Ironically, W. Bush tried following a second-half-of-the-19th Century Presidential philosophy, with disastrous results. He tried to restore balance in the government by encouraging the congress to make the law, and using his presidency just to execute it.

That is, he avoided proposing legislation to congress at all. Instead, he took the last few presidents’ new, and possibly unconstitutional approach, of attaching Presidential Signing Statements, explaining how he, as executive, planned to execute new laws.

This was a recipe for disaster. First, because the Republican congress had no, zero party discipline, so acted like greedy children in a candy store when the store owner had to leave in a hurry.

The second problem was that the PSSs infuriated congress as a whole, wildly reinterpreting the laws they had passed, either adding to or deleting from the laws what he wanted or didn’t want to execute.

This will have to be a big issue before the SCOTUS during the next presidency.

I would like to add that Ron Paul had “fail” written all over him, because while his goals were laudable, how he planned to bring them about were impossible.

To start with, the federal government needs to be severely hammered both in a major economic collapse, and extreme punishment at the polls. Congress will have to be loaded with freshmen.

The problem began with Frank Roosevelt. His solution to too much easy credit, which caused stock purchase on margin, resulting in the collapse of the stock market, was itself vast amounts of easy credit.

It mortgaged the future to pay for the present. And though it benefited the present very much, we are now living in the future, and the bill is due.

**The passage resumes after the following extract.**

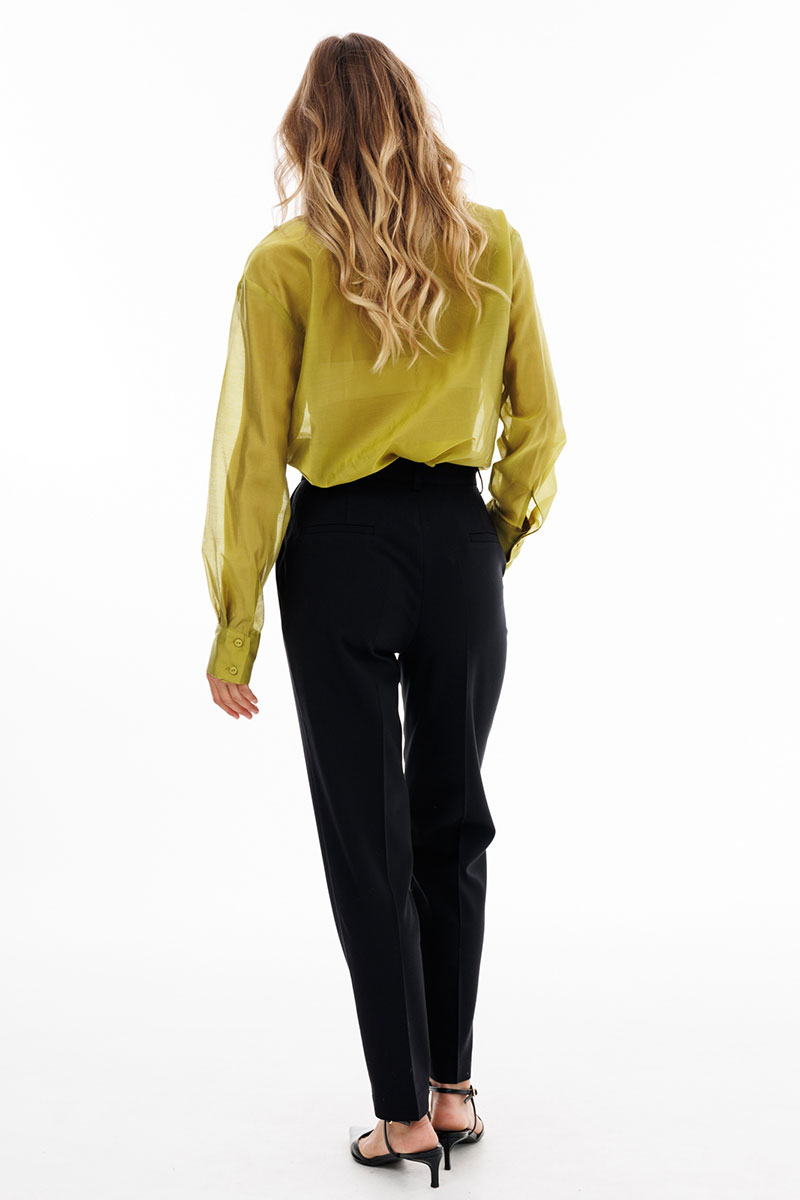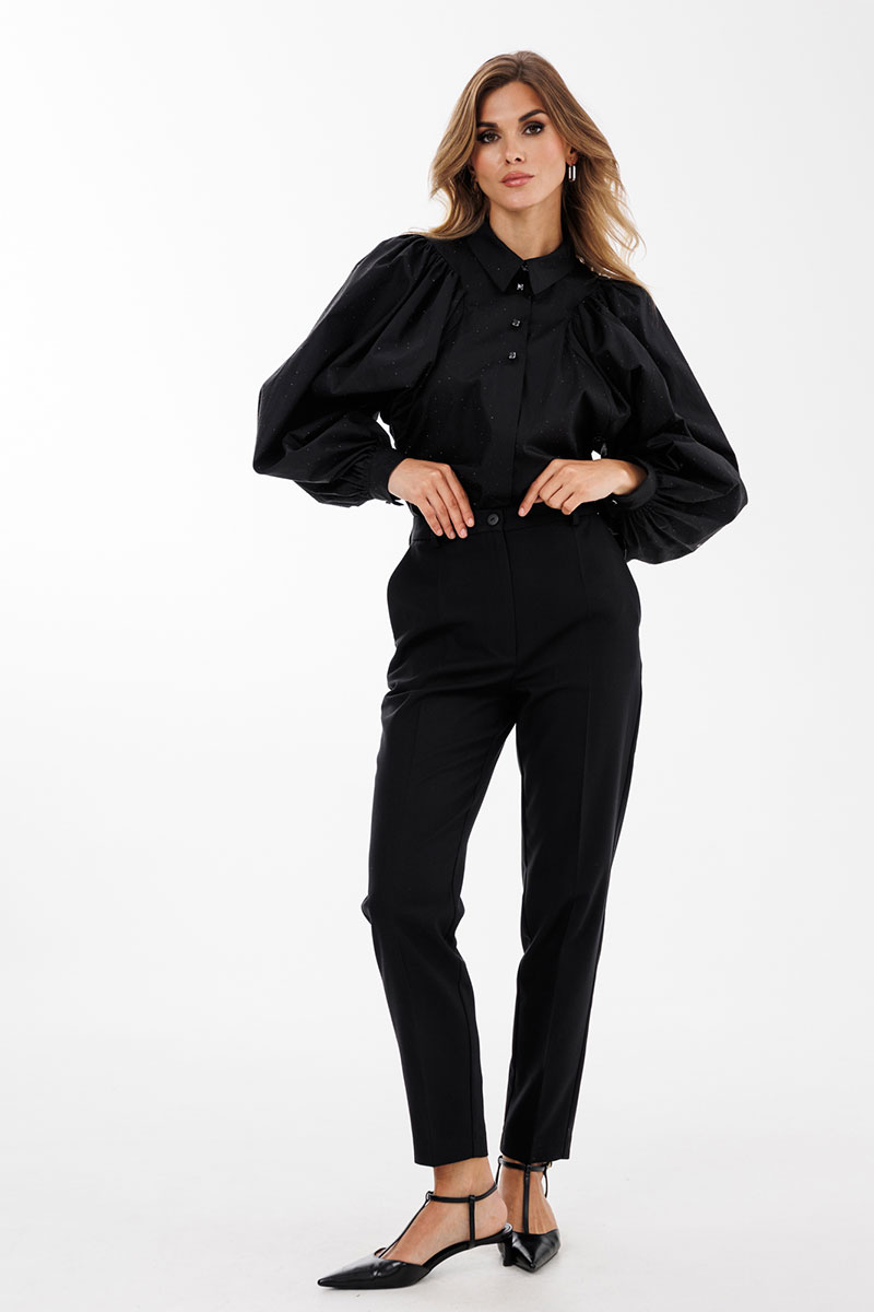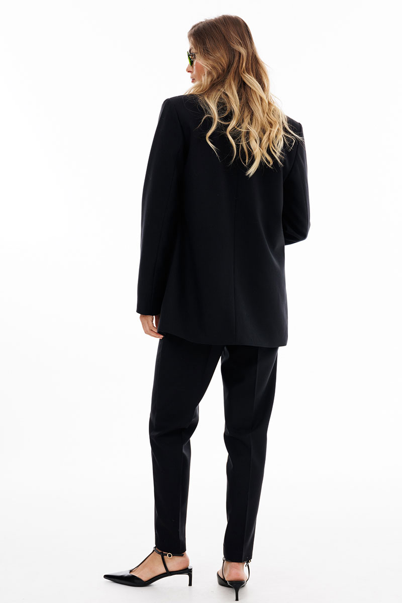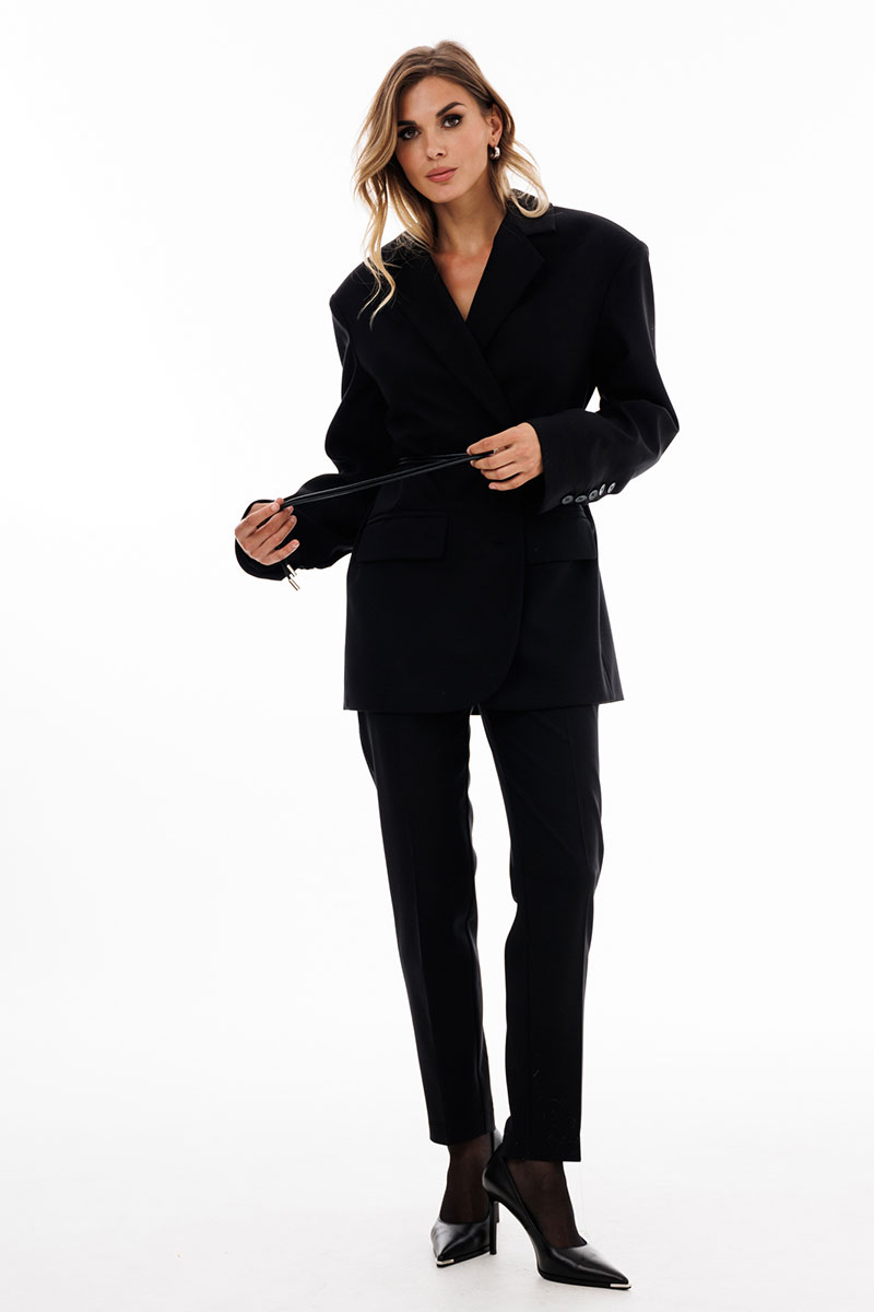 Брюки выполнены из костюмной ткани. Брюки зауженные к низу, длиной 7/8, на притачном поясе. Спереди боковые карманы с наклонным входом и застежка на молнию. Сзади декоративные карманы с листочкой.

What is happening is a worldwide credit collapse. The eventual result is a foregone conclusion: you can no longer buy what you cannot afford. This applies from the individual level all the way up to the national and international level.

It is hard to imagine how different the US will be when it has to have a balanced budget, because no one will loan it money. The last time the US government ran out of money, J.P. Morgan, the man, stepped in to keep it from default.

The Laffer curve still applies, which even the US government has learned must be obeyed, because there will always be tax avoidance available to the wealthy. This means they cannot “tax America into prosperity”, as Rush Limbaugh points out.

In practical terms, those parts of the economy that have real value based products and services will continue. But those parts that are based in economic leverage are doomed.

The old saying will again apply, that “You can only have credit if you don’t need it”, with 100% or *more* collateral, carefully assessed for value and even put in escrow, prior to your receiving credit based on all or some part of its value.

For most people this means they will only have debit, not credit. And those that have credit will have a limit based on cash they have on deposit with the credit issuer. So why have credit at all?

I suspect that with the international credit crisis, the US will fractionally redeem its international debt in exchange for food. That is, $10 bushels of produce for $10 cash, or $100, if they pay in relieved debt. And purchasers will have no choice, if they want to eat, yet have no cash, which most of them won’t.

This will also mean stiff trade tariffs. If some manufacturer wants to sell it here, they will have no choice but to make it here. Imports will be raw materials for food, exports for cash only or relieved debt.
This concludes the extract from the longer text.